A traditional sledgehammer is often used with a rubber tire which can cause rebound and injury.
Rubber sledge hammer training.
Rubber head is safer and more versatile.
When you strike the tire you can expect the sledge to rebound slightly upon impact.
It s portable and extremely versatile.
It also makes the rest of your training session tougher.
Excellent for your core and legs as well as your rotator cuffs arms and back.
Sledgehammers come in many weights.
Durable plastic covered fiberglass handle with comfortable rubber grip 12 pound head made of solid urethane.
The benefits of sledgehammer workouts with the mostfit core hammer you no longer need a bulky tire for this type of workout.
Two long bolts keep the head secured to the solid hickory handle.
The rebounding nature of the tire will enhance wrist stability and strengthen the forearms and grip.
Try doing 10 reps for 5 10 sets each side.
We typically swing the sledge for reps ex.
Swing it like a sledgehammer against the ground wall driveway cement floor or use it like a mace to develop shoulder strength mobility and stability.
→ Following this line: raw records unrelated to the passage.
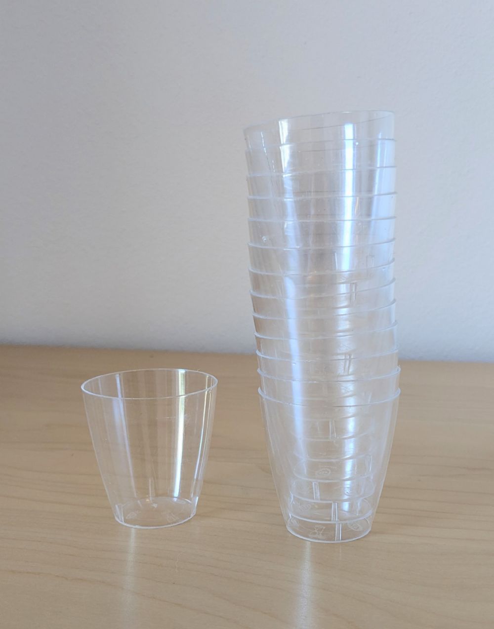 Descrizione:14 bicchierini in plastica monouso trasparente, altezza cm 5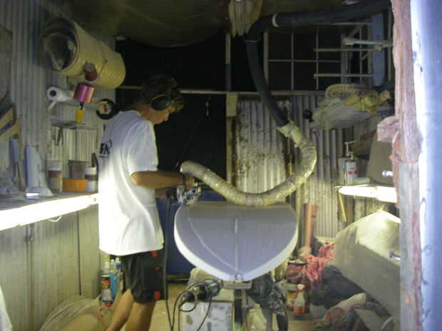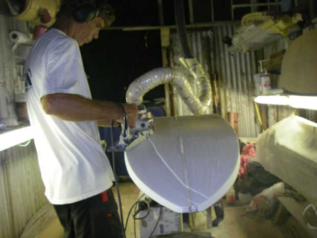 aprender a una tabla de surf con forma de arena suave desde el famoso Johnny "V" Voxlund en Maui de Haiku.Continúa la saga iniciada a construir una tabla de surf.Los principales que forma con el cepillo es sobre. Ahora comienza el trabajo fino,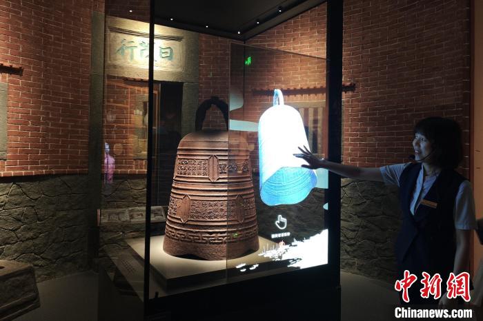 中国闽台缘博物馆里的众多涉台文物述说着两岸间难以割舍的情感纽带。图为清道光十七年鹿港郊公置铁钟。 吴冠标 摄
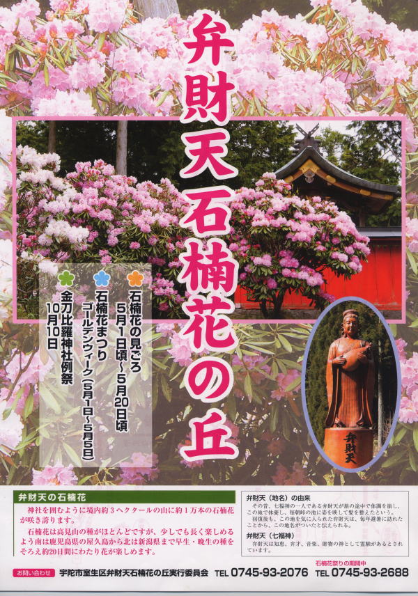| 「石楠花」と言えば、最近「弁財天の石楠花」の案内が目立つようになりました。 桜井の隣町、宇陀市が色々な趣向で活性化を図っています。 室生寺の「石楠花」が有名ですが、この弁才天もこの時期の見所に成長するのではないでしょうか? 一度訪問したいと思いながらまだ実現していませんがこの春にはと思っています。 桜井よりは山手になるので暫くは見頃が続くと思います。 (画像をクリックで拡大と、アクセスの説明も・・・) |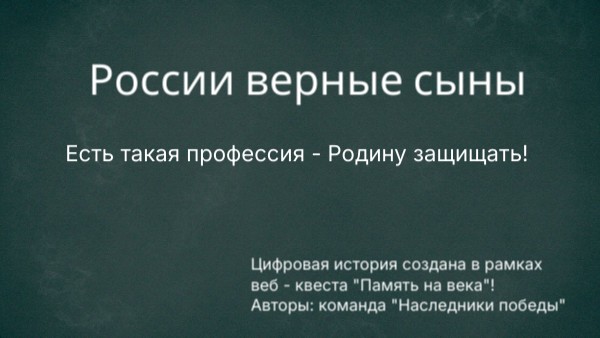 Цифровая история создана в рамках веб - квеста "Память на века"! Авторы: команда "Наследники Победы"

Multiple 2 or 3 minute rounds or as part of a circuit.
100 swings for time timed rounds ex.
For those that enjoy sledgehammer training or would like to start getting the benefits and conditioning the sledgehammer swinging offers then here is a great.
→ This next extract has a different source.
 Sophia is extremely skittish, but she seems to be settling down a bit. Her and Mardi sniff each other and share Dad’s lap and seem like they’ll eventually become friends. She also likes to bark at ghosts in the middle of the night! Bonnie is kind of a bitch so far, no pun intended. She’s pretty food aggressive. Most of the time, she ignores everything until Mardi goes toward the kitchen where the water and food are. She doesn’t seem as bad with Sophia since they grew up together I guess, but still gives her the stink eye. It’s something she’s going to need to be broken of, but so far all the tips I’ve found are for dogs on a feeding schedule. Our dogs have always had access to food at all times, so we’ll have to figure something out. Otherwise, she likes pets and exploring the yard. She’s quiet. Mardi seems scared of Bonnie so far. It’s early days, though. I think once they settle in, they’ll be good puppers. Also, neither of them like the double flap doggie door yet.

Get in a bunch of sledge hits on the tire to finish your training session for the day.
This is particularly true if you swing the hammer at a fast pace.
Along with many of the physical benefits that come with sledgehammer training you also feel damn good just swinging and slamming it down.
Of course the primary recipient of your destructive sledgehammer swings is a large tractor tire.
Sledgehammer training is not limited to the outdoors.
Can withstand extreme force ideal for cardio strength core mobility rotational and impact exercises safe sledgehammer workouts without a tire 2 year manufacturer warranty.
As for working with heavier hammers most people won t need more than a 20 pounder.
Starting in the squatting position with the hammer in front of you drive with your legs as if standing from a squat and raise the hammer bringing it down again with a chopping action.